= PROVIDED DATA =
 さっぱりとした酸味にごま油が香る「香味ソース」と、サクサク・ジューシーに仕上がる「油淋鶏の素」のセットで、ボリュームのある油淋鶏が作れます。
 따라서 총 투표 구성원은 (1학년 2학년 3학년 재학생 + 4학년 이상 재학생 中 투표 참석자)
--
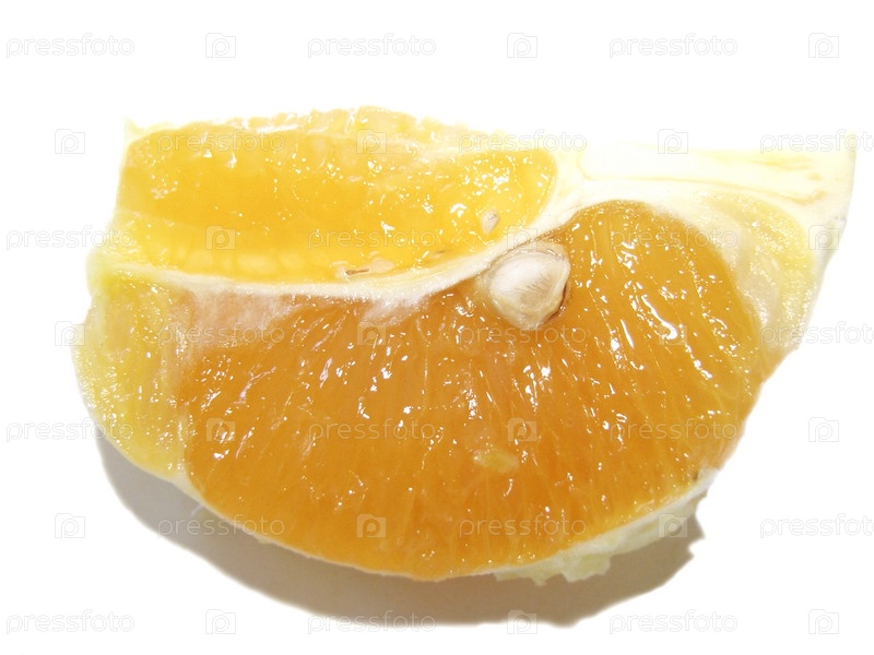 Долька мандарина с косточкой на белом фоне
* * *
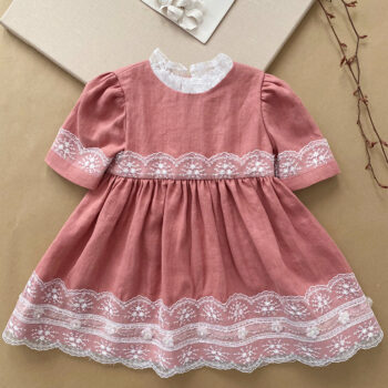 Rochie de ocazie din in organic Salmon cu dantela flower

= WHAT THE TASK REQUIRES =
Above are the entries. Output exactly the lines beginning with the line that has "さっぱりとした酸味にごま油が" and ending with the line that has "따라서 총 투표 구성원은".

= ANSWER TO THIS PROBLEM =
 さっぱりとした酸味にごま油が香る「香味ソース」と、サクサク・ジューシーに仕上がる「油淋鶏の素」のセットで、ボリュームのある油淋鶏が作れます。
 따라서 총 투표 구성원은 (1학년 2학년 3학년 재학생 + 4학년 이상 재학생 中 투표 참석자)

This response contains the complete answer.